--- Entries provided Enclosed Below ---

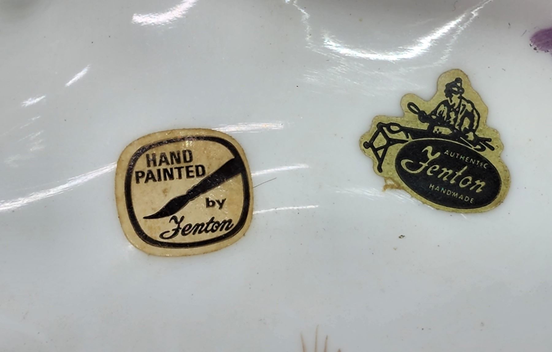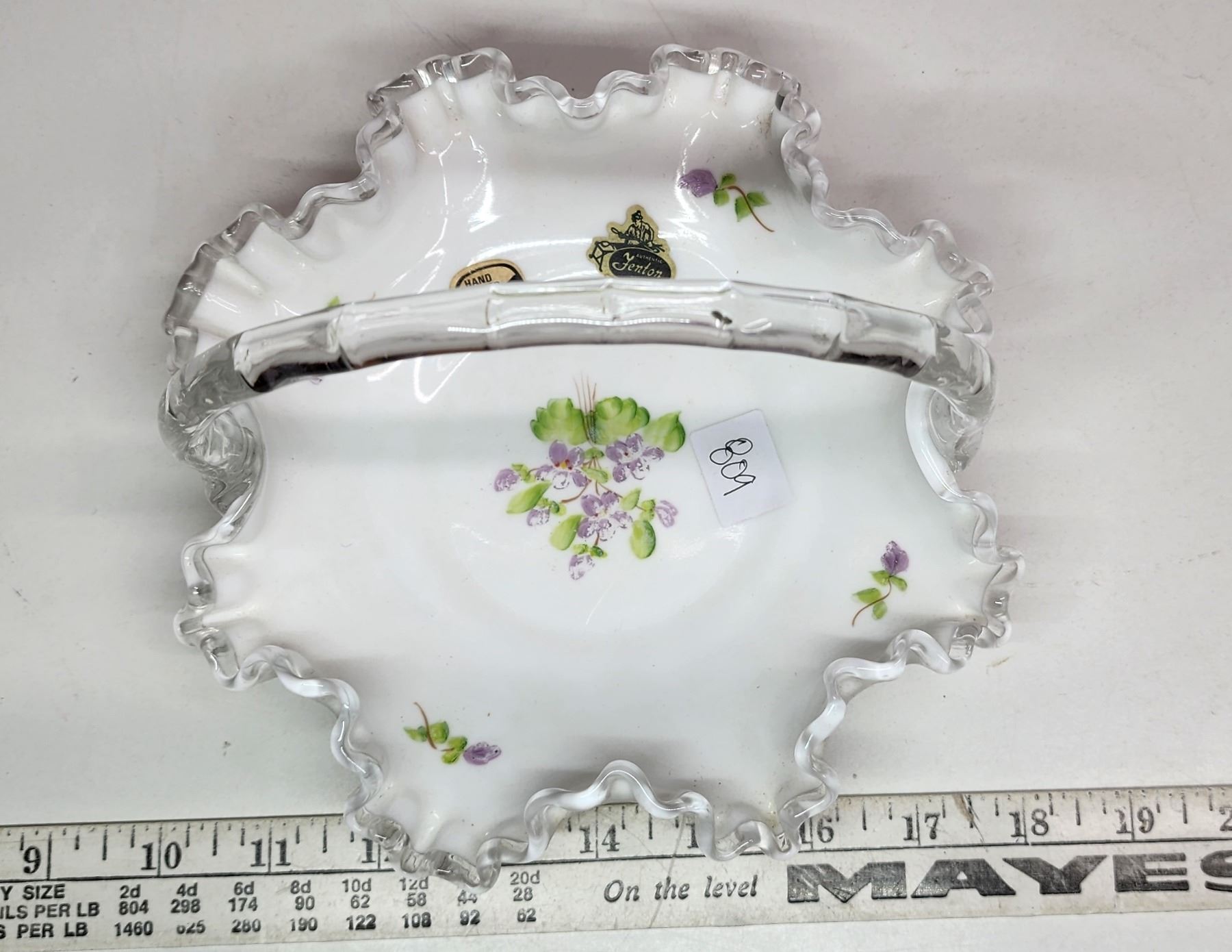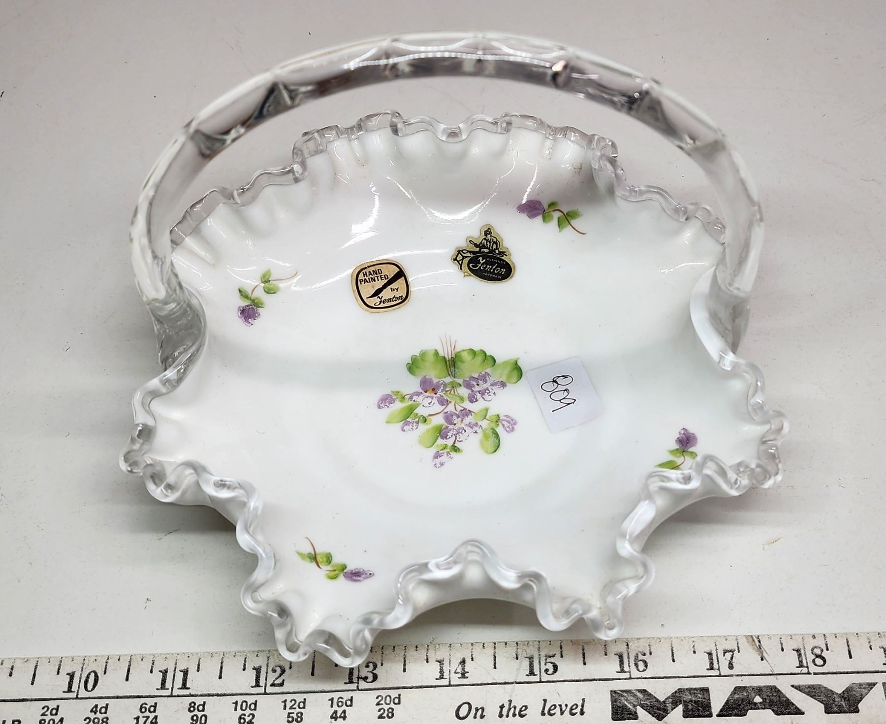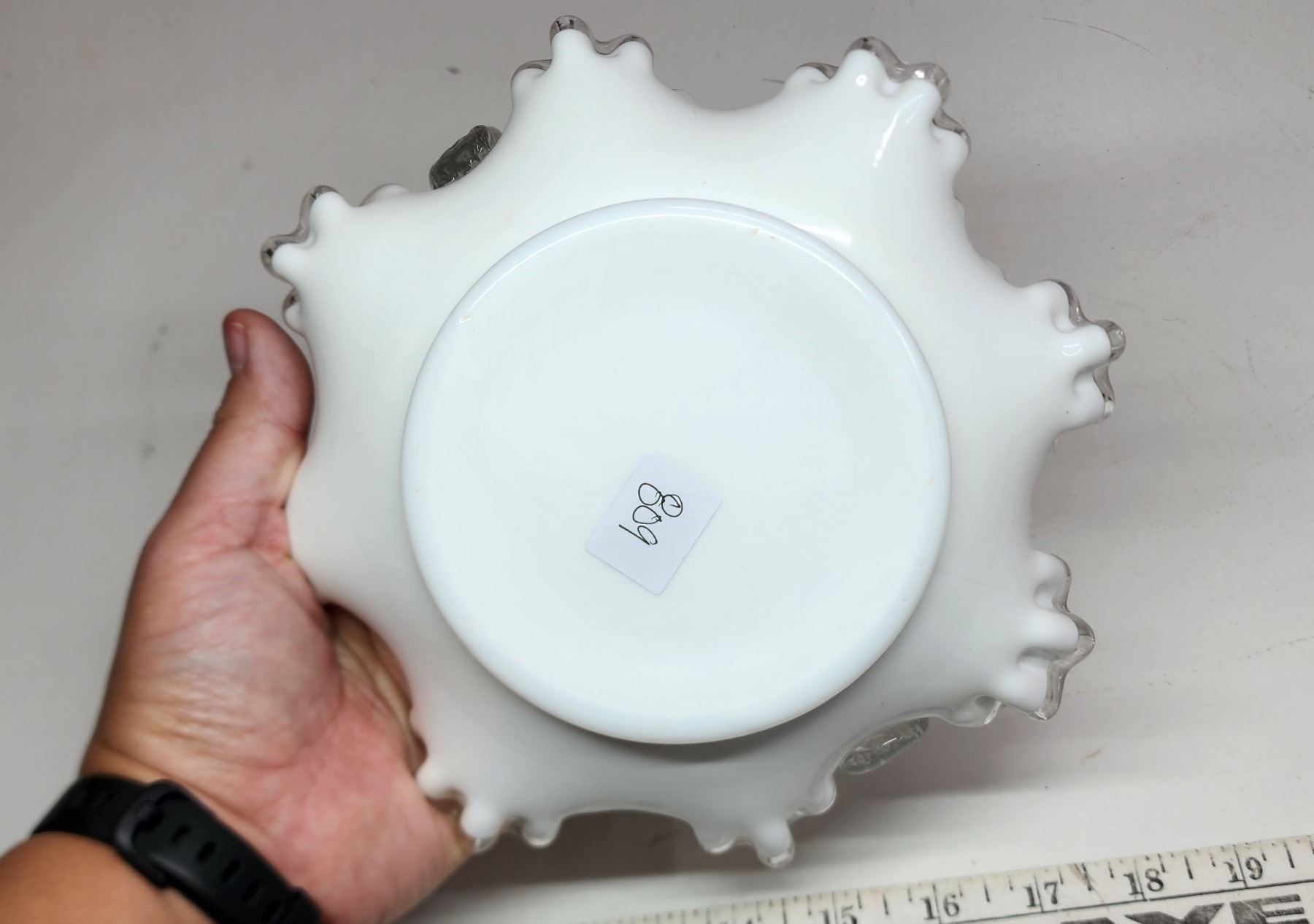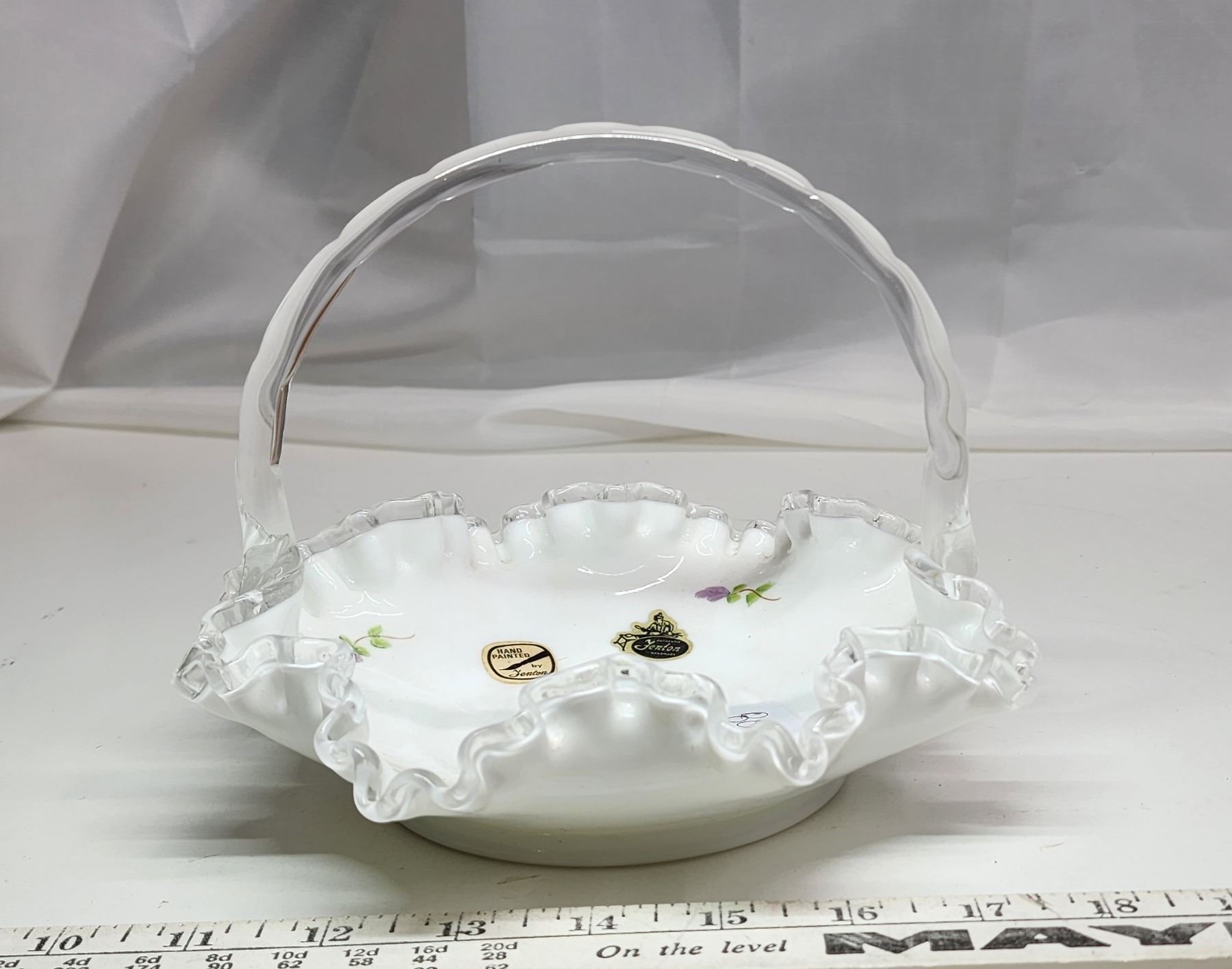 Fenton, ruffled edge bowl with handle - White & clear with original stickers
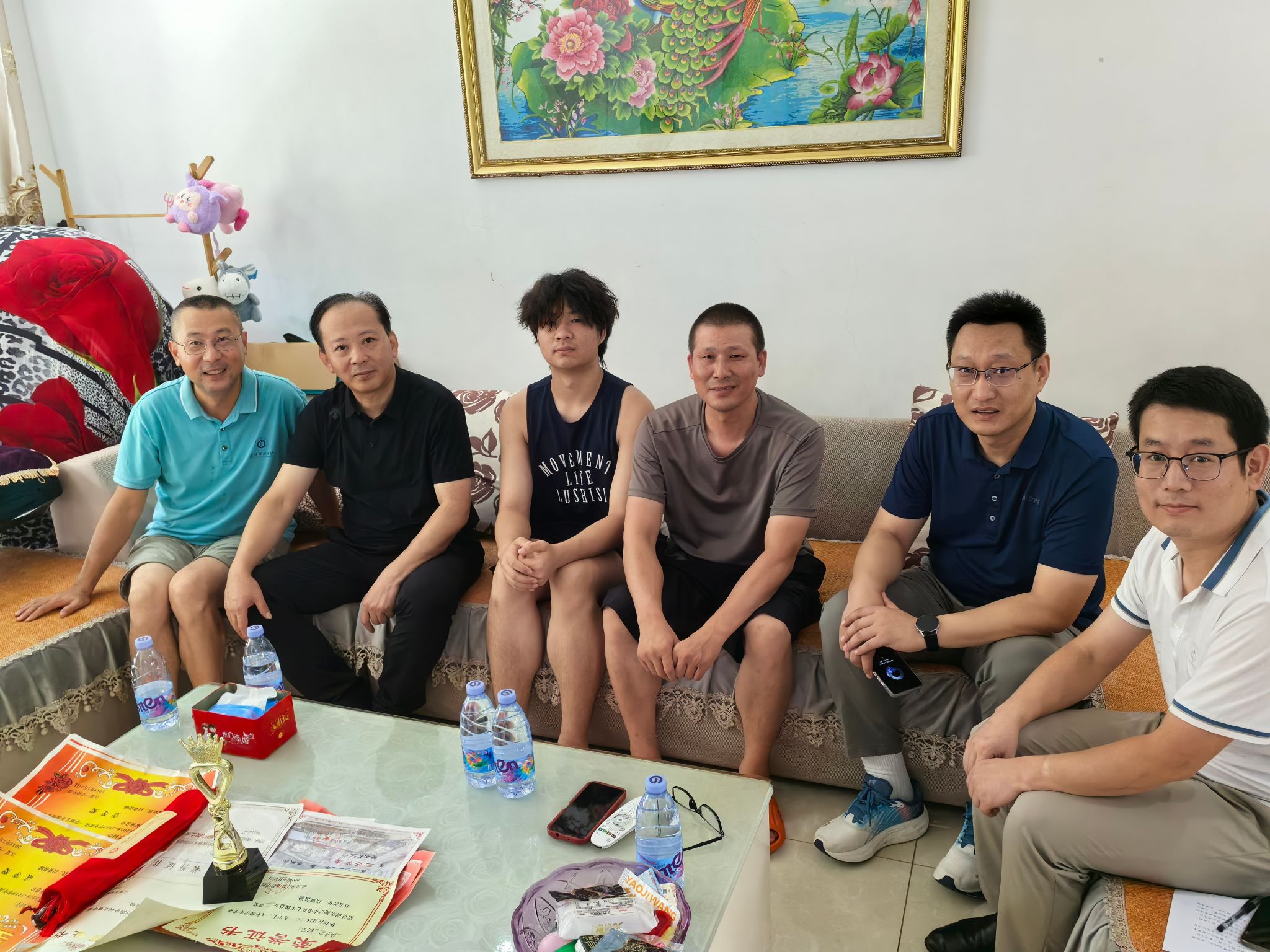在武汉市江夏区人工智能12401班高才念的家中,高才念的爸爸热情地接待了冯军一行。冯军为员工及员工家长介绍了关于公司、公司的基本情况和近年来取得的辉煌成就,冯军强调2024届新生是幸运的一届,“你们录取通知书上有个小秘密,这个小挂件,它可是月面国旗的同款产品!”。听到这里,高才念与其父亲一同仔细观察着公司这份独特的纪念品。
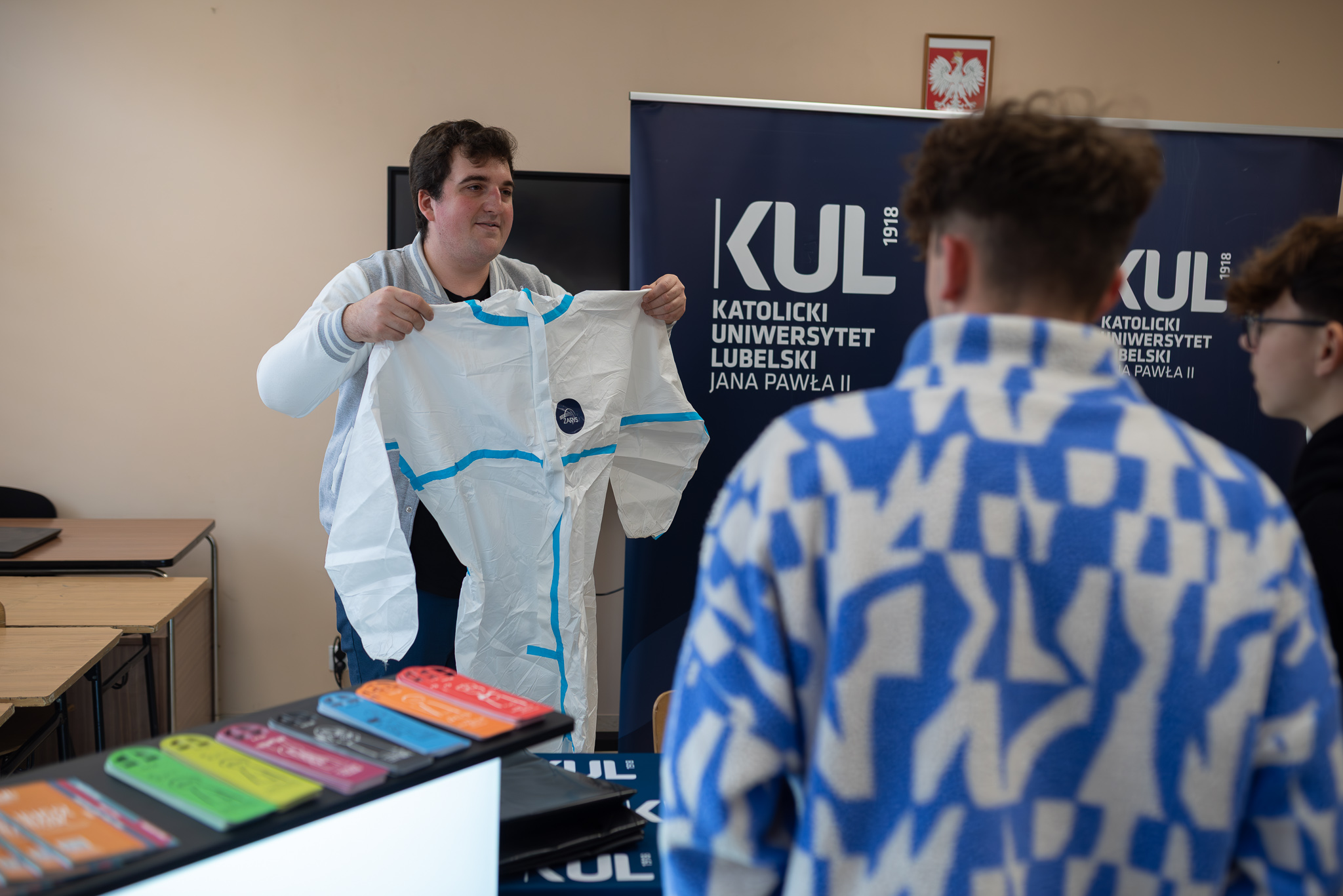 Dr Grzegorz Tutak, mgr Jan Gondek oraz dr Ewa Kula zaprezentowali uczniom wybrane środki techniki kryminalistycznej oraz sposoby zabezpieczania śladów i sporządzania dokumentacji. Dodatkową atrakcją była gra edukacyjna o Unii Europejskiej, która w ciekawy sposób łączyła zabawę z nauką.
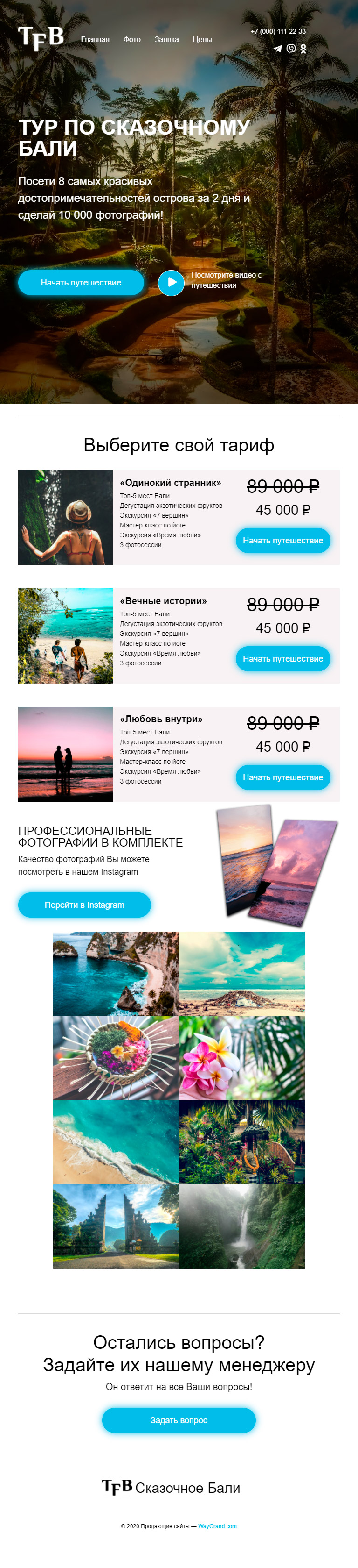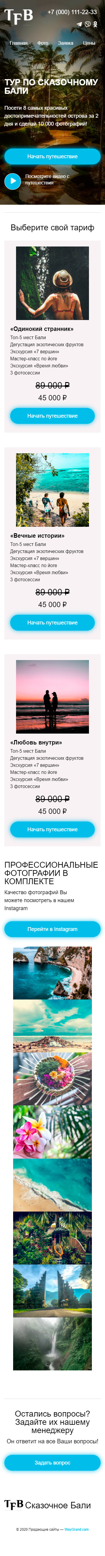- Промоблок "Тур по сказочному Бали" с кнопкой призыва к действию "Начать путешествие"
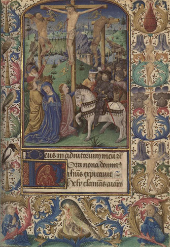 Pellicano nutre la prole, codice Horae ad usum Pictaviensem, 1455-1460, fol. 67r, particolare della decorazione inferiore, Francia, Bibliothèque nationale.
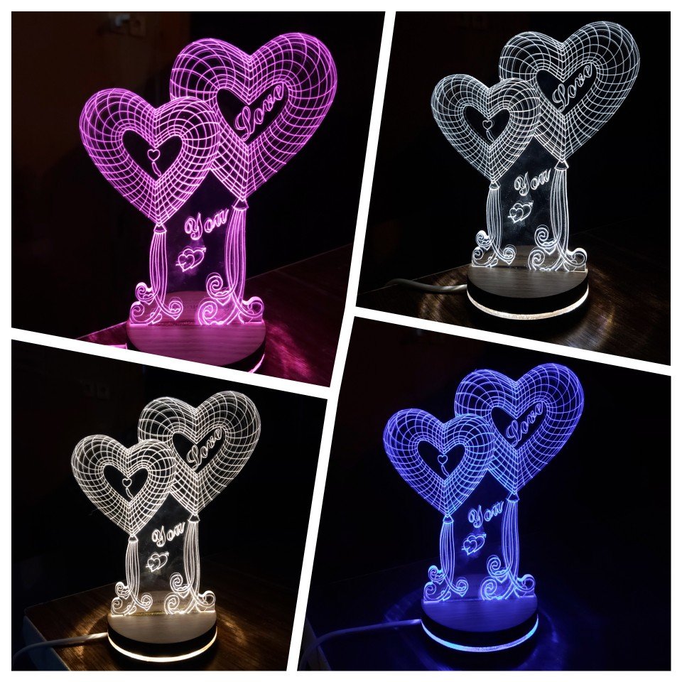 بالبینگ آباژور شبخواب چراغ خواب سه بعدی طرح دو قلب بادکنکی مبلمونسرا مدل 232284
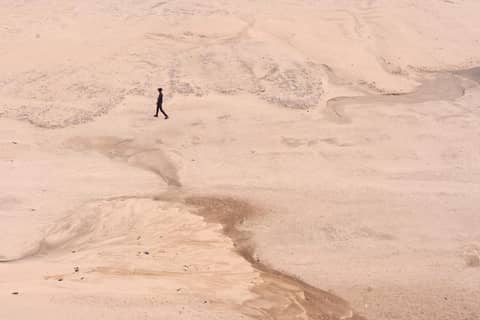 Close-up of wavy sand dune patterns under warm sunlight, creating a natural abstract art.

--- End of Enclosed Entries provided ---

[What you will do]: Could you reproduce exactly, and only, the lines from the start of the records through the line containing "с кнопкой призыва", leaving out the pictures?

[Task result]:
 Fenton, ruffled edge bowl with handle - White & clear with original stickers
在武汉市江夏区人工智能12401班高才念的家中,高才念的爸爸热情地接待了冯军一行。冯军为员工及员工家长介绍了关于公司、公司的基本情况和近年来取得的辉煌成就,冯军强调2024届新生是幸运的一届,“你们录取通知书上有个小秘密,这个小挂件,它可是月面国旗的同款产品!”。听到这里,高才念与其父亲一同仔细观察着公司这份独特的纪念品。
 Dr Grzegorz Tutak, mgr Jan Gondek oraz dr Ewa Kula zaprezentowali uczniom wybrane środki techniki kryminalistycznej oraz sposoby zabezpieczania śladów i sporządzania dokumentacji. Dodatkową atrakcją była gra edukacyjna o Unii Europejskiej, która w ciekawy sposób łączyła zabawę z nauką.
- Промоблок "Тур по сказочному Бали" с кнопкой призыва к действию "Начать путешествие"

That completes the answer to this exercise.